An Eviction Moratorium Is Fine, But What Renters Really Need Is Cash

A few days ago President Trump announced a moratorium on evictions through January. But what seems like an enormous relief to renters has two big  problems. First, although tenants had to make only partial payments (“as circumstance may permit”) to remain safe from eviction, the wording was a little unclear about what happens in January. Do you have to pay all the cumulative rent you owe in one lump sum? Do you get to repay it over time? Or do you not have to repay it at all? And what about interest and penalties? None of this was clear.

Second, the moratorium merely passes along the payment problem from tenants to landlords, who still have to pay the mortgage on their property even though they aren’t receiving enough rent to cover it. What happens when they go bankrupt?

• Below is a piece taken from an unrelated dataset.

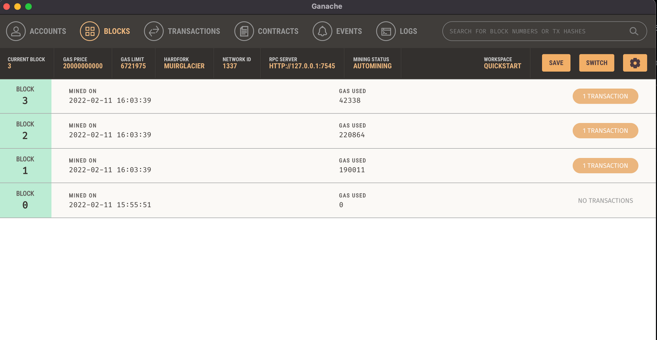Ganache : Ethereum Blockchain Local 환경

An eviction moratorium is a fine idea, but the truth is that it’s only a band-aid. What’s really needed are cash payments to those out of work. That way, tenants can pay landlords and landlords can pay their mortgages. As you can see in the chart below, even with some recent improvement we still have about 12 million workers unemployed thanks to COVID-19. If we restored the $600 weekly unemployment bonus to these people, it would solve the eviction problem almost completely and would cost about $200 billion. That would be only a tenth of a rescue bill that clocked in at $2 trillion, which seems the most likely size if Republicans can ever stop fighting over it.

This is by far our most urgent priority. If we truly want to avoid an eviction armageddon, the only way to do it is by providing cash at the bottom of the pyramid. Then the renters can pay the landlords; the landlords can pay the bank; the bank can keep making loans; and investors can build more apartments. It’s the circle of life.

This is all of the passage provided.